» Work required
After locating the line that contains "Монтажная бытовая пена", transcribe exactly that line and each one after it until the data ends, skipping pictures.

» Data extracts
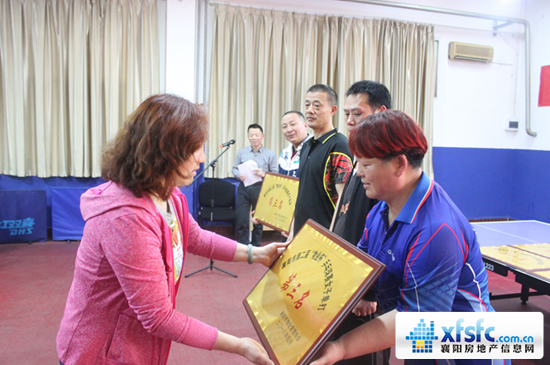 襄阳电力集团物业发展有限公司总经理宋建甫为荣获第二届襄阳市“物业杯”乒乓球赛女子单打第二名、男子单打第二名、男子团体第二名选手颁奖
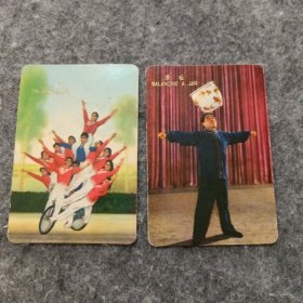 年历片:年历卡:杂技:《顶坛、车技》1973年中国化工进出口公司上海市分公司 2张和售
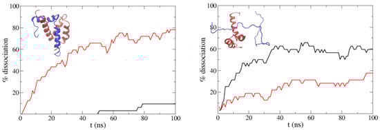 Percentage of dissociated molecules along the simulations starting from the experimental ACTR:NCBD complex (left) and from a non-native bound structure (right) using the normal PACSAB force field (black line) and when hydrogen bonding is removed (red line). The experimental ACTR:NCBD complex is shown in the left panel (ACTR is the blue molecule).
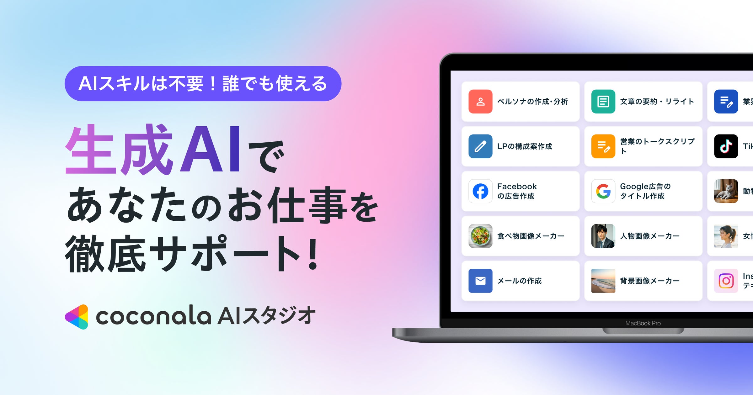 日本最大級のスキルマーケット「ココナラ」をはじめ、「ココナラ募集」「ココナラ法律相談」、4つのエージェントサービスを運営する株式会社ココナラ(本社:東京都渋谷区、代表取締役社長CEO:鈴木 歩、以下ココナラ)は、11月18日(月)にビジネス向け業務サポートAIツール『ココナラAIスタジオ』のサービスを提供開始します。
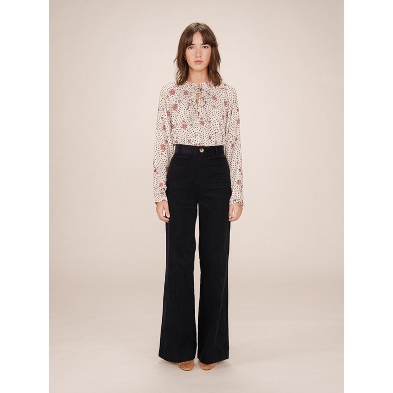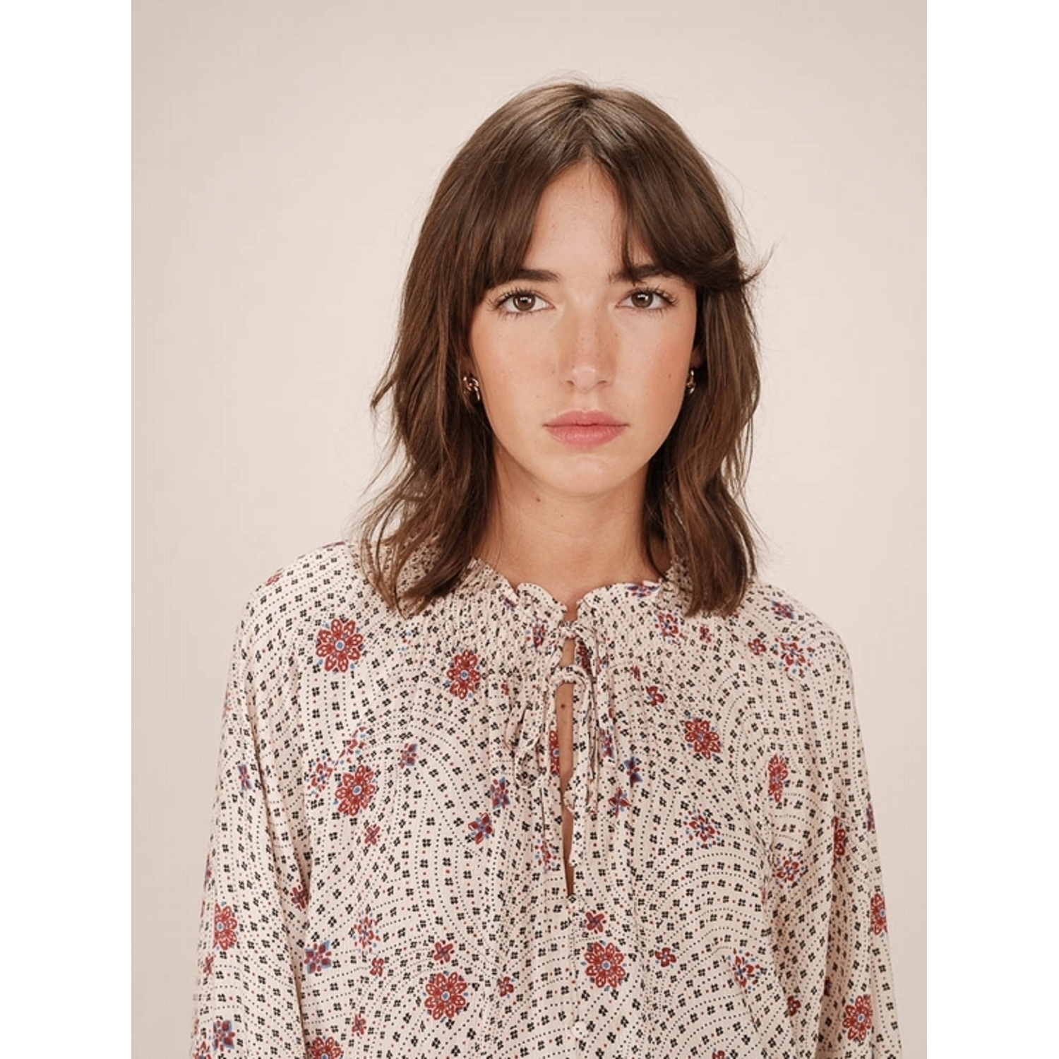 Blouse à manches longues, imprimée dans un motif floral seventies, avec un col smocké à volants et deux liens à nouer sur le devant pour femme de la marque Grace & Mila.
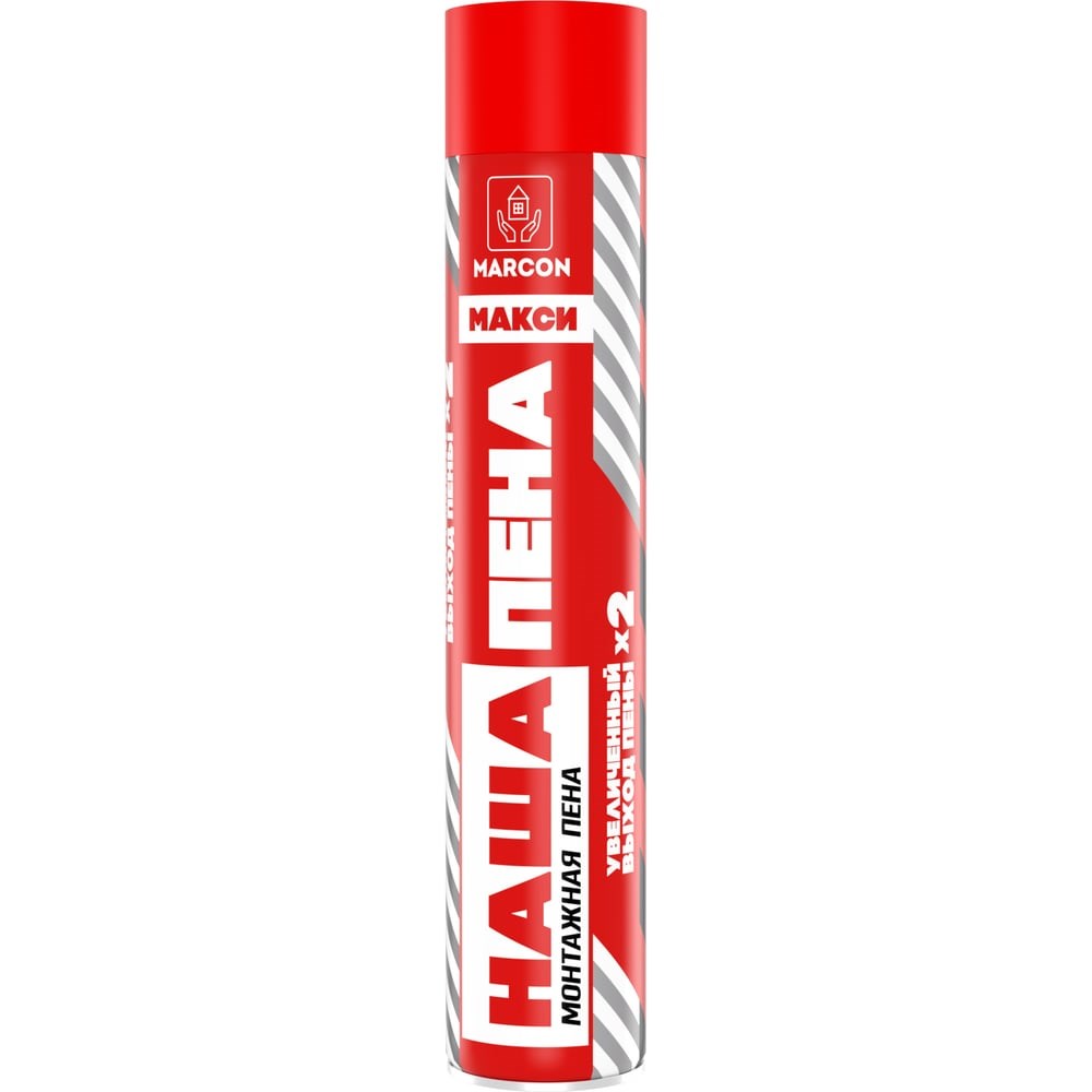 Монтажная бытовая пена MARCON Наша пена maxi 4620010540967 – бытовая пена высокой плотности, позволяющая проводить широкий спектр домашних и бытовых работ по заполнению, пустот, щелей, швов, монтажу оконных и дверных блоков, герметизации, тепло- и шумоизоляции различных помещений, конструкций без использования специальных монтажных пистолетов.
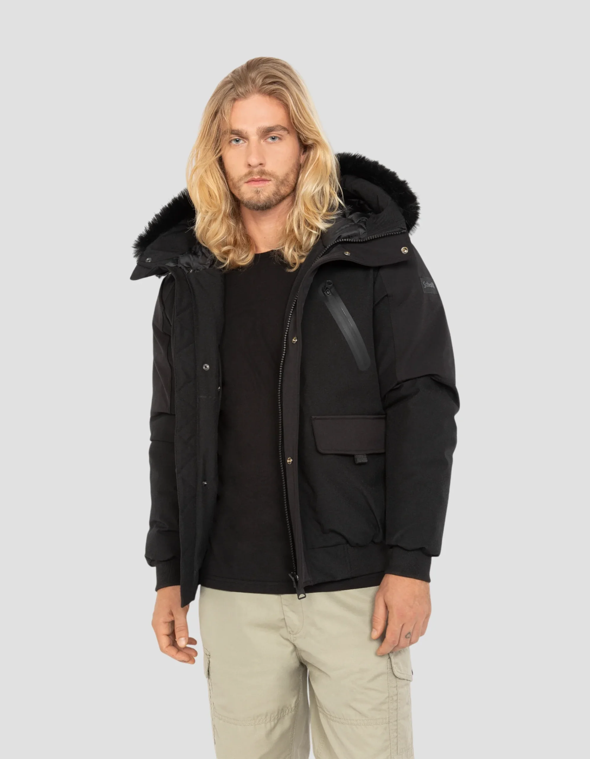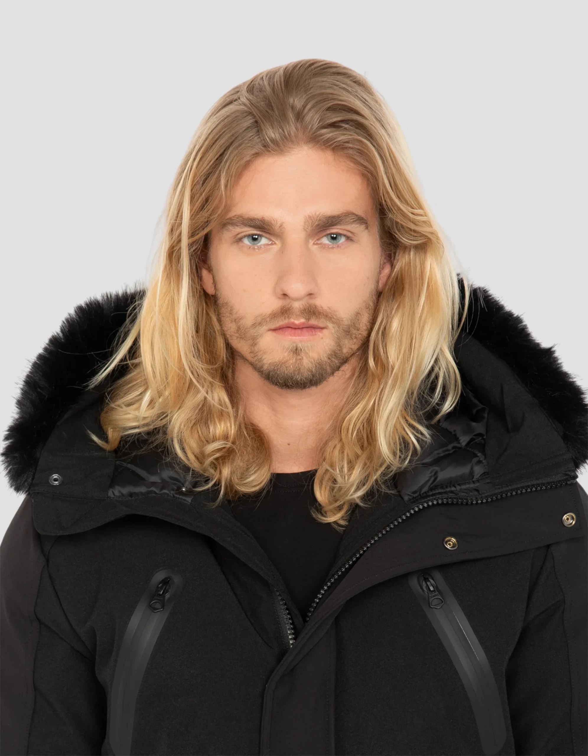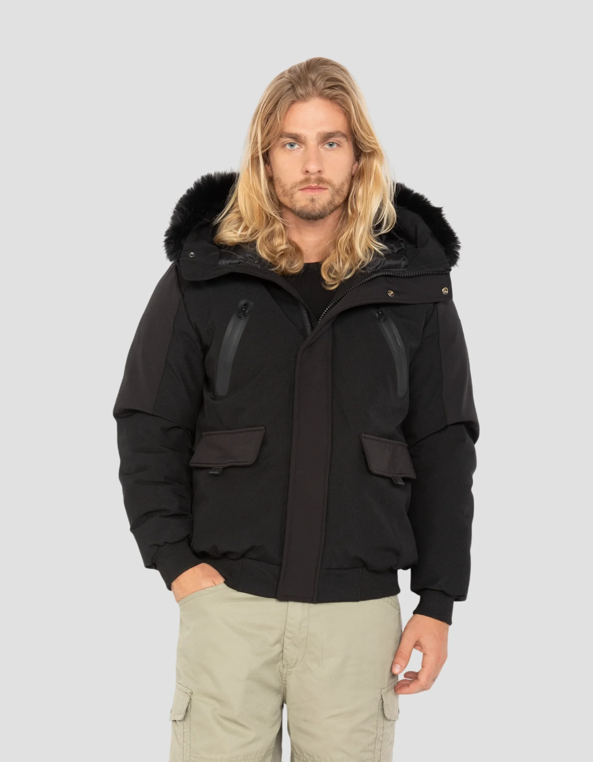- Capuche fixe avec fausse fourrure amovible

» Finished task
 Монтажная бытовая пена MARCON Наша пена maxi 4620010540967 – бытовая пена высокой плотности, позволяющая проводить широкий спектр домашних и бытовых работ по заполнению, пустот, щелей, швов, монтажу оконных и дверных блоков, герметизации, тепло- и шумоизоляции различных помещений, конструкций без использования специальных монтажных пистолетов.
- Capuche fixe avec fausse fourrure amovible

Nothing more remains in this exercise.